I've heard the same kind of stories from people on the field in Bulgaria and Romania. They say they're being squeezed badly in food costs and rent.


----------



## VictorBravo (Jan 17, 2008)

Sounds plausible. This chart is from Yahoo finance. It shows Columbian pesos to the dollar. It shows a general drop from around 2650 to 2000 from July 06 to the present. That's about a 25% decline in a year and a half.


----------



## VictorBravo (Jan 17, 2008)

BTW, this is the chart for the past five years.


----------



## Ravens (Jan 17, 2008)

We had two missionaries from an eastern European country at my church a few months ago who essentially said the same thing: Namely, that they needed more money. Not because of a drop-off in support, but because the same amount of money was purchasing less and less as the dollar declined.


----------



## kvanlaan (Jan 20, 2008)

This is part of why we work in the local economy. I am fortunate to have a job that pays fairly well here (though to just about anyone living in the US, it would be an utterly laughable salary). I teach english but am paid in local currency, so that as we watch the USD go down the tubes in relation, we are still somewhat protected. The other problem here, inflation, is more of a burden, especially on the locals. Pork is a staple here and has gone (percentage-wise) through the roof. In economies like this, a little tentmaking goes a long way. We knew of some people on support who were on the way over here to serve just before the bottom fell out on the S African Rand some years ago. Suddenly, rent, etc. was all out of reach. We know it may have been the Lord providentially closing a door but it sure did hurt to watch it happen.


----------



## Pergamum (Jan 20, 2008)

The solution is simple if a few churches merely adjust for this change. Right now, I read from Barna that only about 3% of all church monies go to foreign missions, so there should be plenty of willing souls ready to chip in a few extra dollars and plenty of church monies that could be diverted.

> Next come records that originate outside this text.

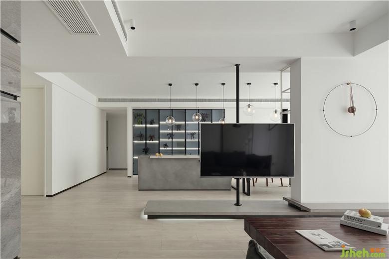 ▲半開放的電視背景墻,以煙火氣的生活為背景就是最溫馨的日常。摒棄了大部分的墻體,也沒有選擇功能性的電視柜,而是利用地臺(tái)的層疊帶來造型上的變化,電視固定在定制的柱子上,柱子空心可以將線纜內(nèi)藏入其中,將通透感歸還于整個(gè)公共空間。
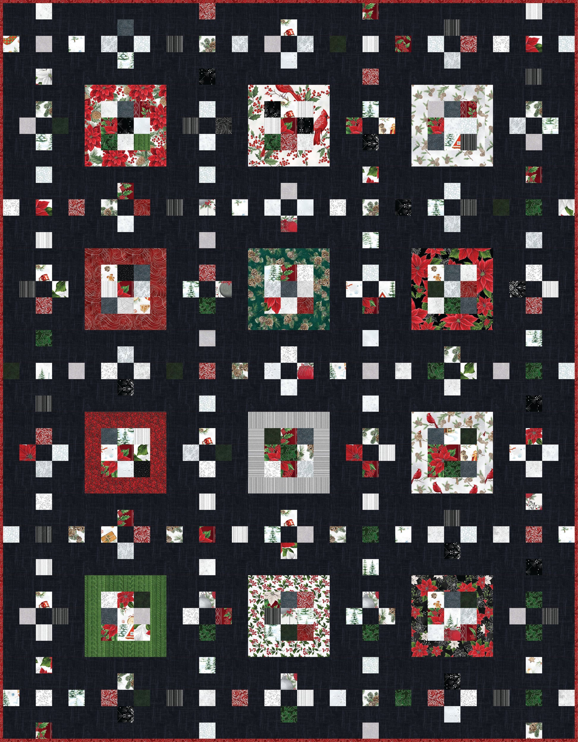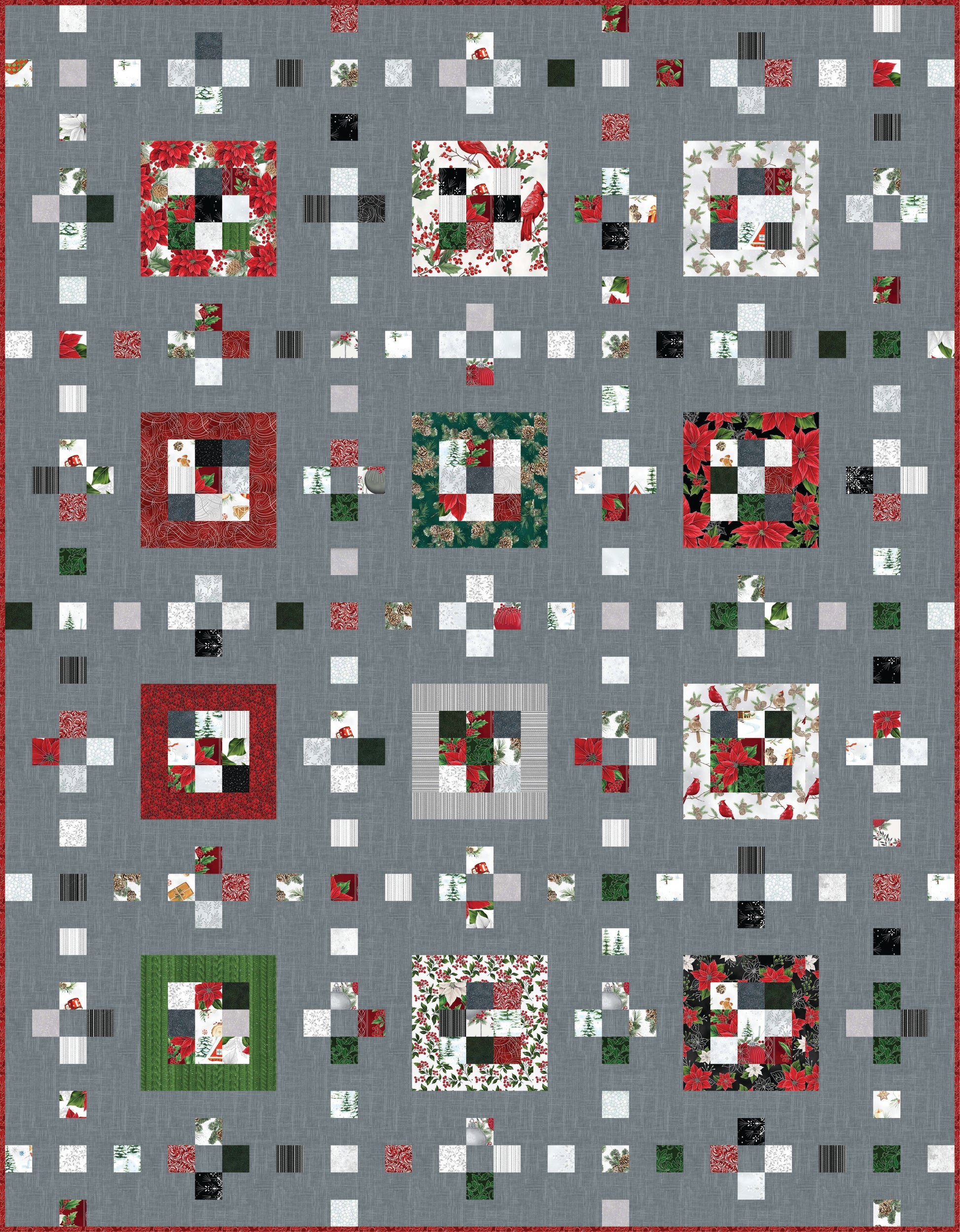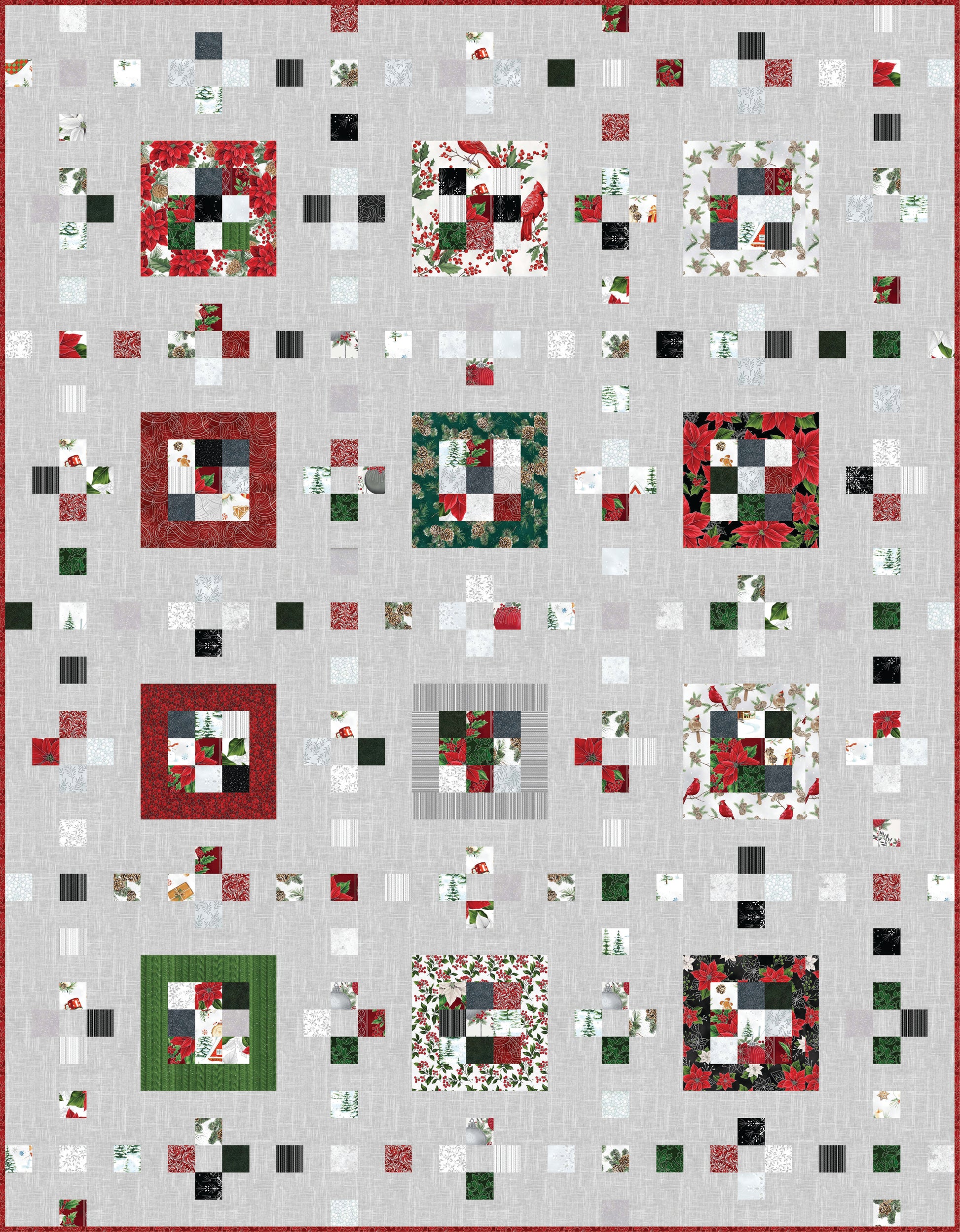 Choose a Jingle Pop or Jelly Roll, or cut your own set of 2 ½" strips and make them pop with this easy pattern. Suitable for beginners or anyone looking for a quick, scrap-busting project. The finished size is 70 ½" x 90 ½".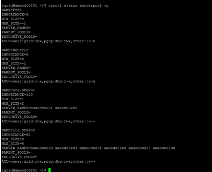 MIN_SIZE: The minimum number of servers that should run in a server pool. If the number of servers contained in a server pool is below the minimum size specified in this attribute, then Oracle Clusterware automatically moves servers from other pools into this one until that minimum number of server is met. The default value is 0.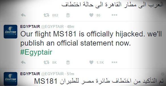 Our flight MS181 is officially hijacked. we’ll publish an official statement now. #Egyptair
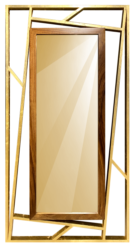 Espejo con marco de MDF y acabado en hoja de oro. Diseño geométrico moderno, perfecto para cualquier espacio.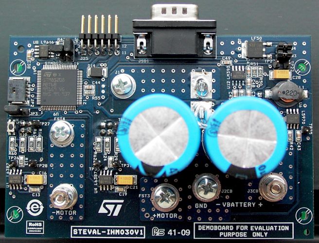 The STEVAL-IHM030V1 is a brushed DC motor (BDC) demonstration kit which presents a 24 V, up to 2 kW brushed DC motor drive solution.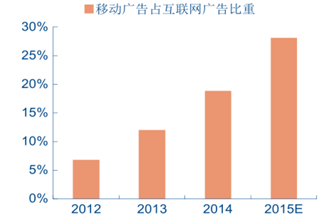 2015 年移動(dòng)廣告占網(wǎng)絡(luò)廣告比重 28%
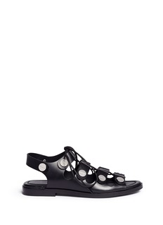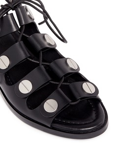 Toughen up your casual street attire with these Patricia sandals from Alexander Wang luxed up with rivets. Translating a biker style into footwear, this flat pair boasts solid comfort with a thoroughly cushioned insole and sensual allure with its open lace-up fastening. Cut low on the ankle, this durable calf nappa leather pair will stand the test of time for off-duty to after-work and weekend attire for years to come.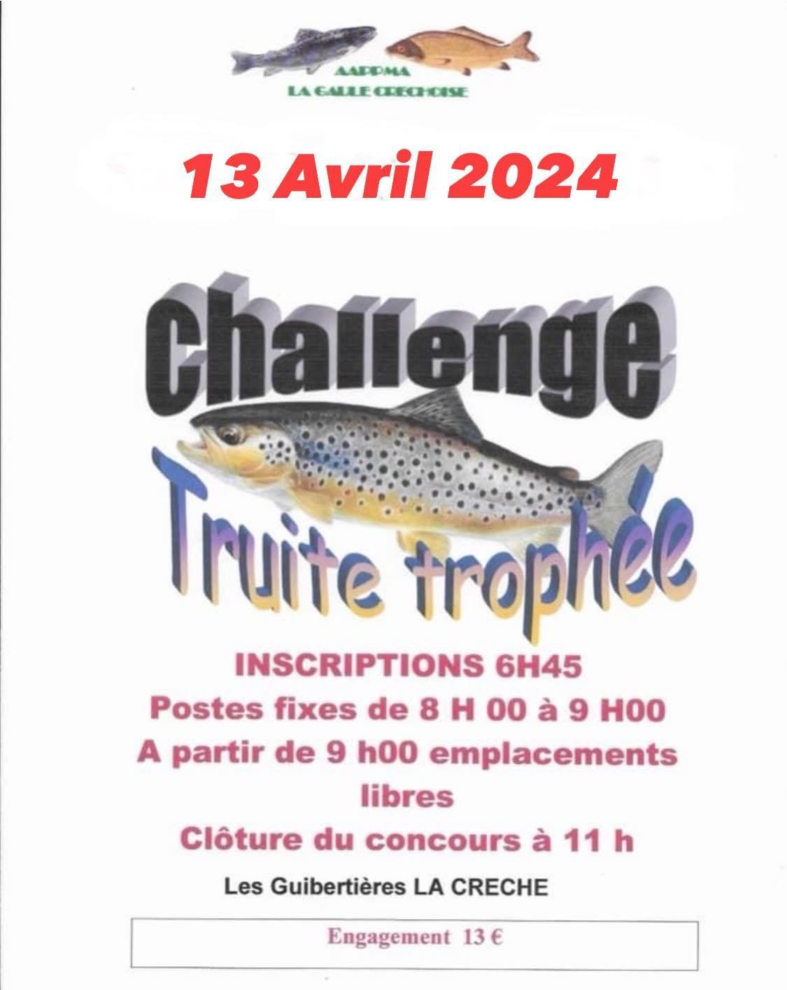 Le challenge truite trophée du 16 Mars 2024, est reporté au 13 Avril 2024 pour cause météorologiques et de sécurité. Le lieu et l'horaire ne changes pas.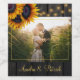 Newlyweds rustic wood sunflowers wedding photo wine label

Most mission groups have a range of support that missionaries can choose from. The lowest range is the "survival" range but most groups encourage their missionaries to take the top range or near the top to account for such things as this. Thus, there is a "padding" to account for all those unexpected crises thatr always seem to happen. 

Also, many mission groups figure in a one time support amount that is equal to 3 months of support as an extra padding so that - in case of bad times - the missionary has several months to tell their churches and so that their churches can adjust their giving to adjust for any economic changes.


----------



## JBaldwin (Jan 20, 2008)

Though I cannot verify this particular situation, but I know from experience that the changes in the dollar can severely affect missionary income. When I was serving in France, the value of the dollar dropped significantly, and in a matter of a few months, my buying power was half of what it was. It's something that churches need to be aware of.


----------